The matrix factorization model achieved a mean squared error score of 0.0173 after two epochs. The graph model achieved a mean squared error of 0.2752 on the validation set.
Recommender type systems are becoming extremely common in the modern era. From Twitter's endlessly scrolling front page to Google's AdSense, these are all systems that rely on prior information to recommend the user new and novel ideas, posts, and products. While the efficacy, transparency, and ethics of these systems is being highly debated as of now, it is stating a fact saying that these systems are becoming more and more common.
In this experiment, an anime recommendations database is analyzed. This is a relatively harmless example of a recommender system, given the only harm is long hours of binged anime, should it ever be implemented into a production system. This dataset contains about seventeen thousand Anime and the ratings coming from about 300,000 users. This amounts to about 57 million pairs of user to an anime rating.
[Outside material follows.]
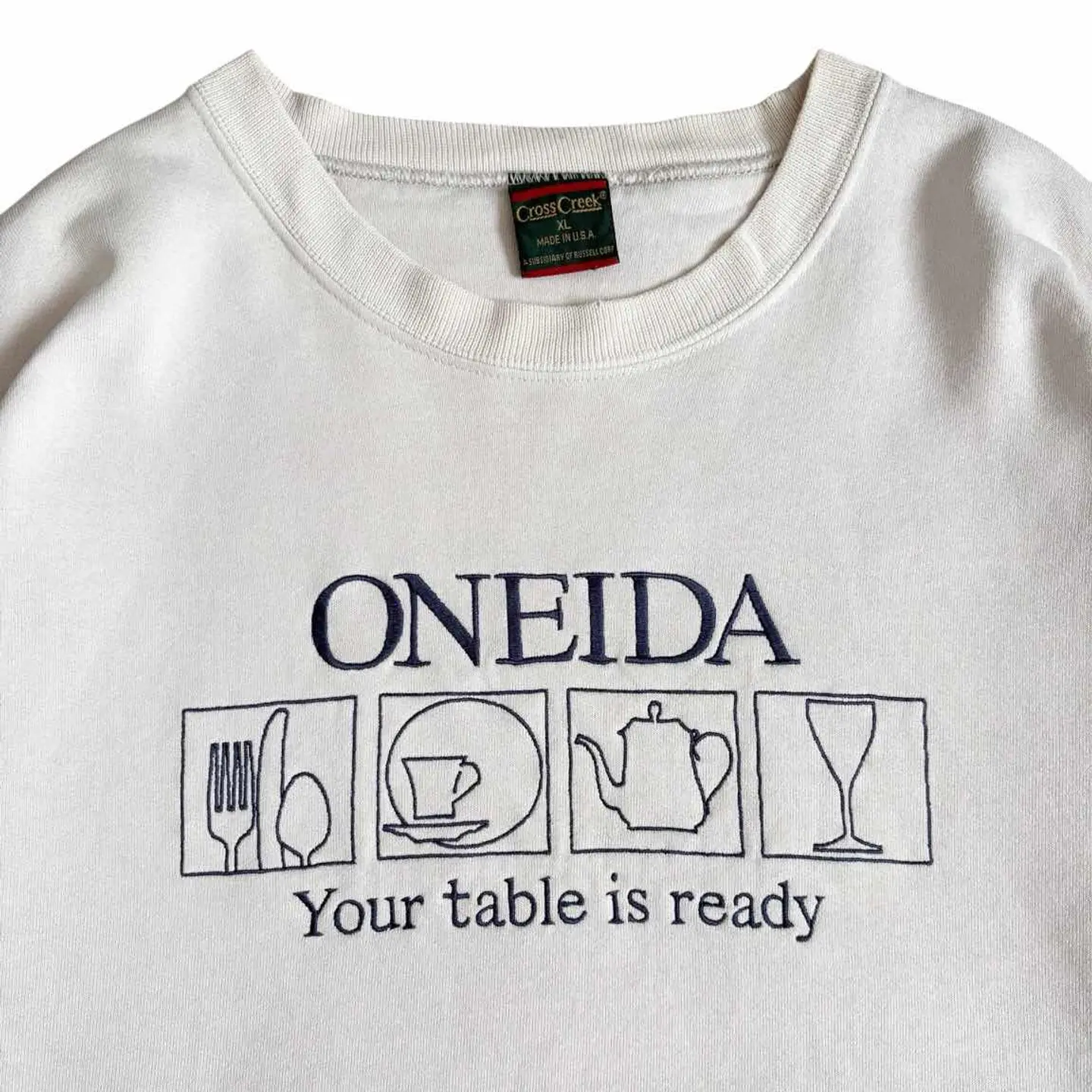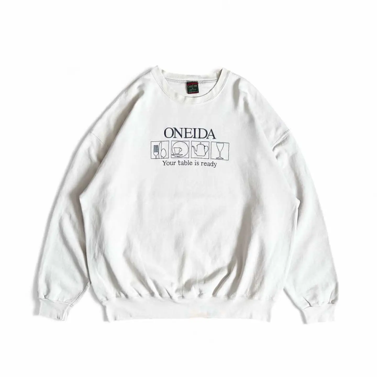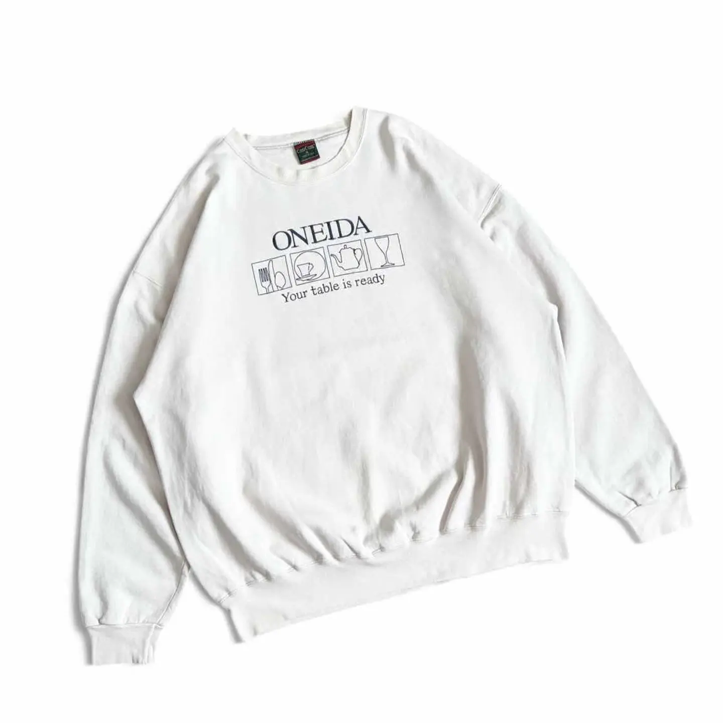 ○商品説明 90s USA製 CrossCreek 可愛らしい一枚になります。 Your table is ready "テーブルの準備ができました。" ビビッときた方は是非。 ○サイズ 表記 XL 平置き ・肩幅68cm ・身幅67cm ・袖丈59cm ・着丈72cm ○商品の状態 B A:使用感がほとんどなく、汚れやシミもなし B:多少使用感はあるが、汚れやシミも少ない C:使用感があり、汚れやシミがある D:使用感があり、大きな汚れや破れあり ○色 クリーム #90s#USA製#CrossCreek#スウェット

The nature of the dataset provides a significant problem for any computerized understanding of it. Given we can create an adjacency matrix using the dataset, we could hope to create a nearly five billion large entry table with dimensions 300,000 users by 17,000 animes. This adjacency matrix would take up over twenty gigabytes of memory at any given time, unless stored in a sparse format, and would be about 99% sparse, meaning 99% of the values would be null or similar representation.
Obvious to many is that this is not particularly feasible to do. While theoretically a AWS instance could be spun up with a GPU and 32+ GB of ram, there are better ways to solve this problem then by brute force.
The first of which is embedding the larger dataset space into a smaller one. Using matrix factorization, a large, extremely sparse represented matrix can be fit into a space of perhaps 32x32. This space contains most if not all the information from the original space, but then allows models to more efficiently perform predictions of a 32x32 space rather than a 17,000x300,000 space. A very similar if not identical concept is often used with natural language processing models, which want to embed the space of the vocabulary, often which is hundreds of thousands or millions words large, into a smaller, more manageable space.
This method of embedding this specific dataset has been done before multiple times. Kaggle has many linked notebooks which do this very thing.
The second way to mitigate this problem is by creating a graph representation of the dataset. There can be two types of nodes with one edge type. The first type of node would be animes, which could contain various information such as name, genre, or other information. The other node would be users, which would contain no information. Each user would hold edges to various anime that were weighted with a label.
The graph representation is what this experiment is attempting to create, then run a basic model off the information contained in the graph space.
As noted above, the dataset is an anime recommendations dataset scraped from MyAnimeList in 2020. This method has a few ramifications. Firstly, because it was scraped as well as being a public dataset, all users are anonymized. Users are instead represented with a serial integer instead of username or the MyAnimeList user id. Furthermore, MyAnimeList, even of a few years ago, had well over 5-10 million users, yet this dataset has 300,000 users represented. This is due to the method the original creator scraped the usernames. The usernames were obtained by using BeautifulSoup, a popular scraping addon for python, which would iterate over every single club MAL (MyAnimeList) had and pull all the usernames from any club with over 30 members. This means that users not very active on the platform, who would only update their scores as a method of keeping track of what they watched and when, are not properly represented in this dataset.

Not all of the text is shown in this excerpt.